Model | Parameters | Openness | Training Hardware | Strengths |
---|---|---|---|---|
Apertus | 8B / 70B | Fully Open Source | Alps: 2,048–4,096 GH200 GPUs | Linguistic diversity, data privacy, transparency |
GPT-4.5 | ~2T (estimated) | Proprietary | Azure: ~25,000 A100 GPUs | Creativity, natural conversation, agentic planning |
Claude 4 | Not published | Proprietary | Anthropic: Internal clusters | Adaptive reasoning, coding |
Llama 4 | 109B / 400B | Open Weight | Meta: ~20,000 H100 GPUs | Multimodality, 200 languages, agentic tasks |
Grok 4 | ~1.8T MoE | Proprietary | Colossus: 200,000 H100 GPUs | Reasoning, real-time data, humor |
What Does This Mean in Practice?
Apertus won't be the most powerful AI on the market. But it's a strong tool for many concrete applications – especially in Europe:
Suitable for:
- Multilingual chatbots and customer support
- Text summarization and translation
- Applications in regulated sectors (e.g., healthcare)

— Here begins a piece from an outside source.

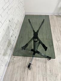 Tavolino girevole anni '70 con struttura in acciaio cromato, piano in vetro fumé, ruote integrate.
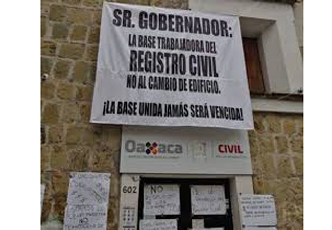 El pasado 6 de agosto, alrededor de 200 trabajadores se manifestaron frente a las instalaciones del Registro Civil de Oaxaca, en rechazo al cambio de instalaciones de esta dependencia de gobierno. Los inconformes dijeron que fueron informados que las oficinas serán trasladadas hacia la calle de Santos Degollado, ya que el inmueble que ocupan será utilizado para instalar un centro gastronómico, versión que no ha sido confirmada por la dependencia estatal.

- Research, education, and open-source projects
Not suitable for:
- Highly complex reasoning tasks
- Multimodal applications (e.g., speech + image + video)
- Performance at GPT-4o or Grok level
Conclusion: An Important Model – With Clear Focus
Apertus is not a miracle model. But it's a responsibly developed, transparent, and linguistically comprehensive AI system that excels precisely where commercial models often have deficits: in data privacy, openness, and regulatory security.
In a market increasingly dominated by «black-box» models, Switzerland is deliberately setting a different tone. As a transparent, public-good alternative, Apertus is comparable to Llama 3 – not competitive at the frontier, but a solid, open baseline for research and application.
Apertus demonstrates that even without billion-dollar budgets, respectable AI models can be developed that set new standards in crucial areas like data privacy and transparency.